Data:
____________________

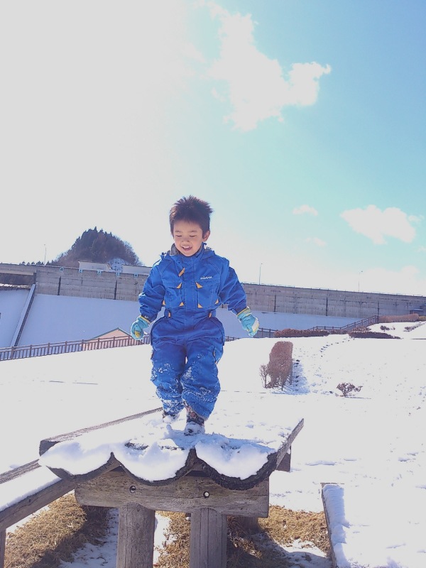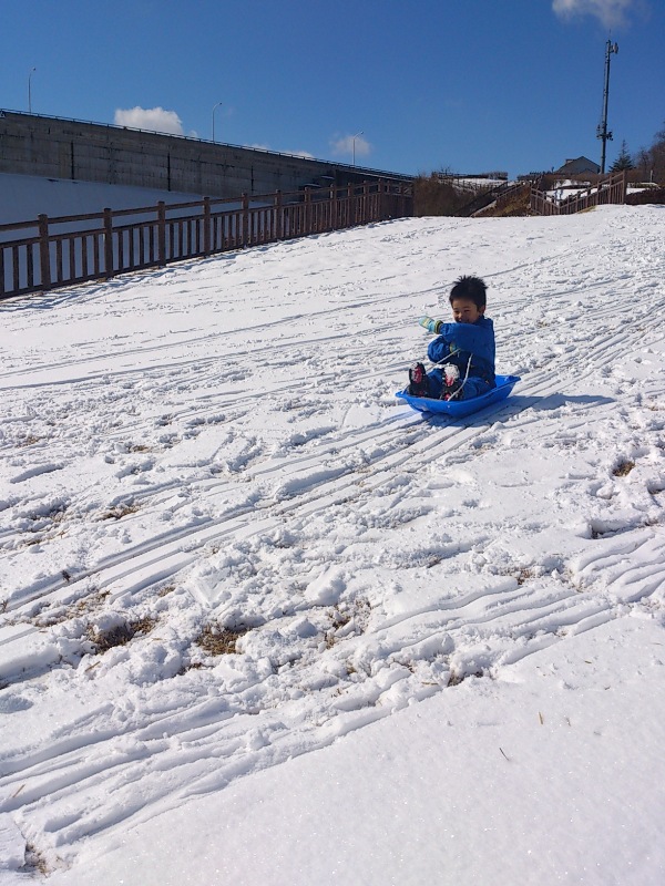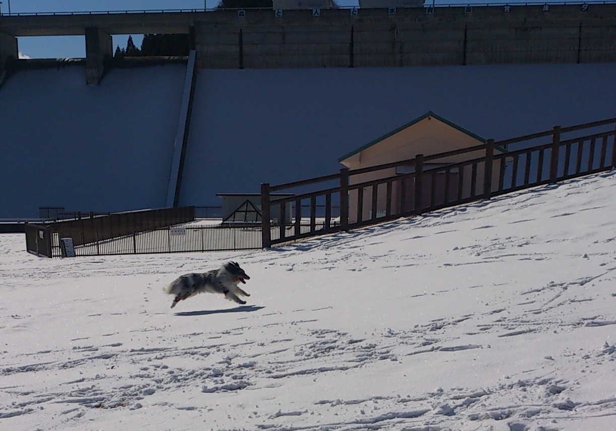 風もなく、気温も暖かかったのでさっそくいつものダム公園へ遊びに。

____________________

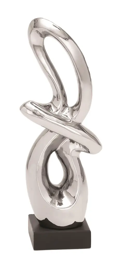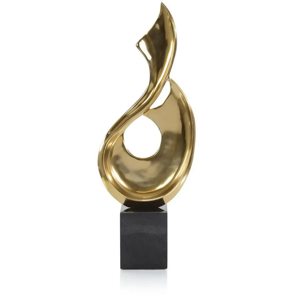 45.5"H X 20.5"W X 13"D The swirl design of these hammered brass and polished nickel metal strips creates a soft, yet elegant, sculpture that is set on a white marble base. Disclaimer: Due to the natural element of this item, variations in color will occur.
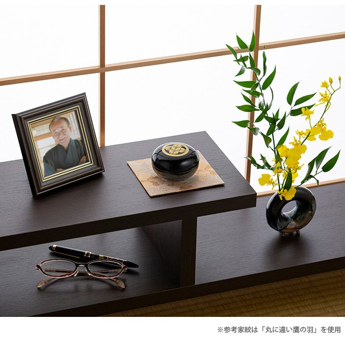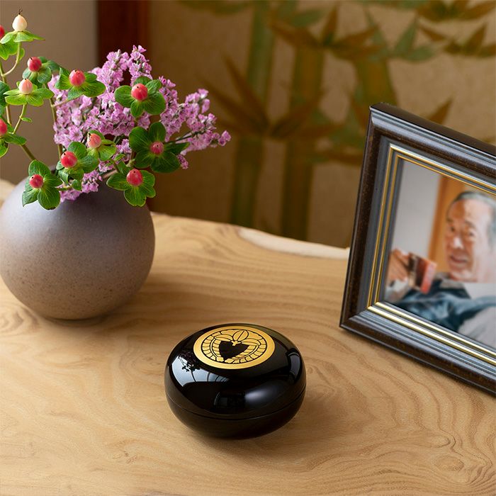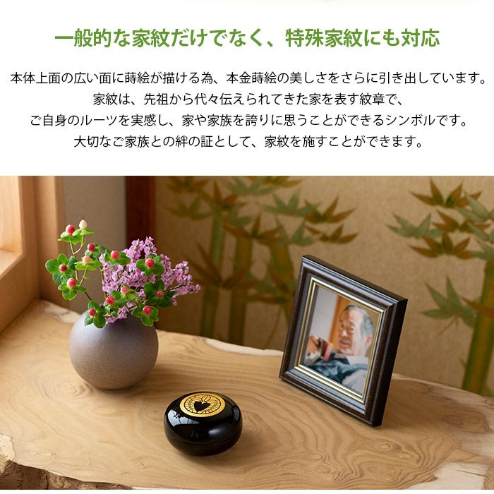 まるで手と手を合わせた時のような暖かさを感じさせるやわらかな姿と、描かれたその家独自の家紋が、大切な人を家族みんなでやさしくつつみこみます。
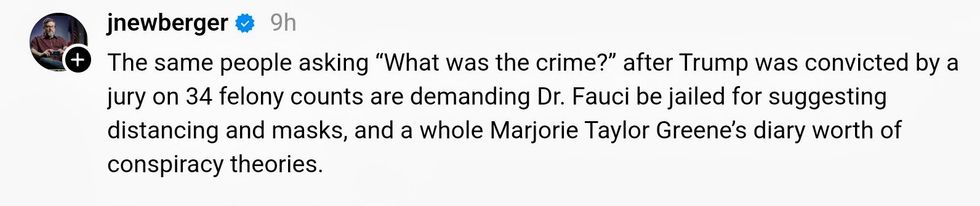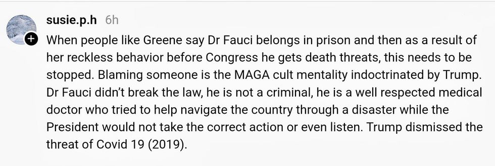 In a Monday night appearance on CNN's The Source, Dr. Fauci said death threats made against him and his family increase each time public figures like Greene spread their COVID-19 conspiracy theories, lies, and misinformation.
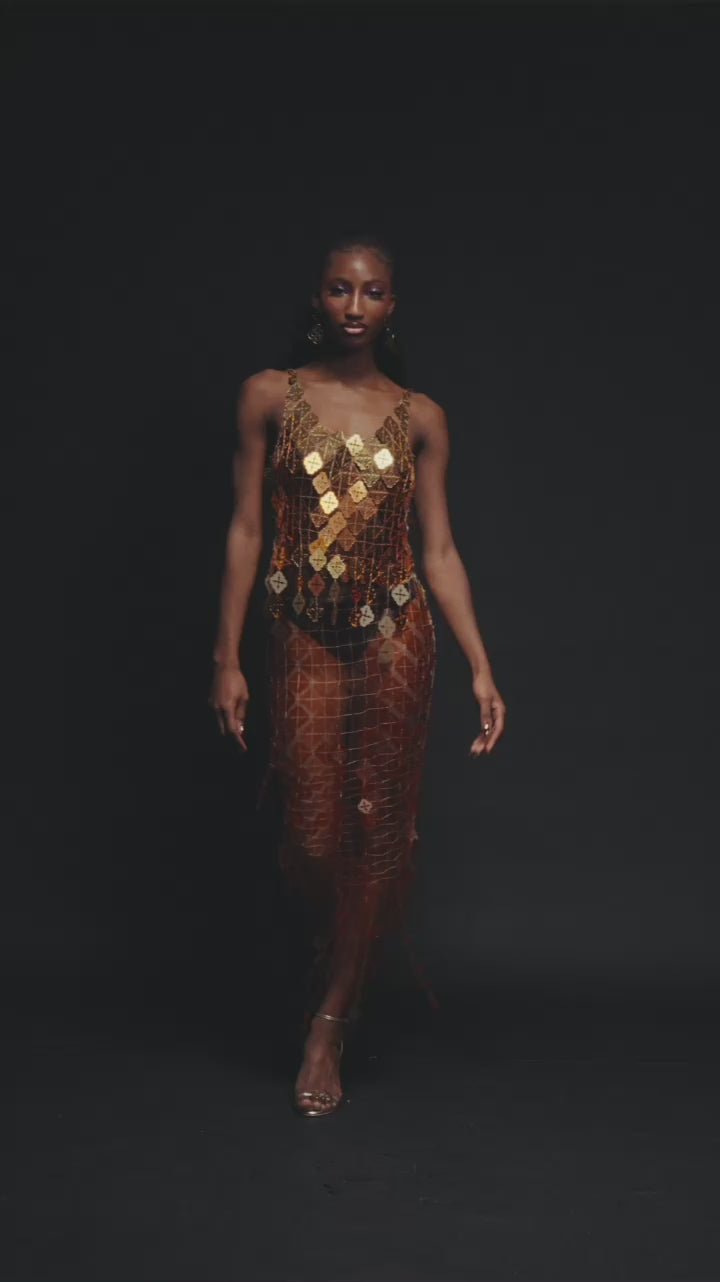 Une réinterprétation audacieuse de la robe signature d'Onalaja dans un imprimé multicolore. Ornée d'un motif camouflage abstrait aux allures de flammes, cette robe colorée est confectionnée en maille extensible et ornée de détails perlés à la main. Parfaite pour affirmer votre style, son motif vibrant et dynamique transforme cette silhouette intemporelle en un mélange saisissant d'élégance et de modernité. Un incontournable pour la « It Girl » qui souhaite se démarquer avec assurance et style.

____________________

Work instruction:
Copy only the lines above from the one containing "In a Monday" through the one containing "Une réinterprétation audacieuse", both included. Leave out the pictures.

Written response:
 In a Monday night appearance on CNN's The Source, Dr. Fauci said death threats made against him and his family increase each time public figures like Greene spread their COVID-19 conspiracy theories, lies, and misinformation.
 Une réinterprétation audacieuse de la robe signature d'Onalaja dans un imprimé multicolore. Ornée d'un motif camouflage abstrait aux allures de flammes, cette robe colorée est confectionnée en maille extensible et ornée de détails perlés à la main. Parfaite pour affirmer votre style, son motif vibrant et dynamique transforme cette silhouette intemporelle en un mélange saisissant d'élégance et de modernité. Un incontournable pour la « It Girl » qui souhaite se démarquer avec assurance et style.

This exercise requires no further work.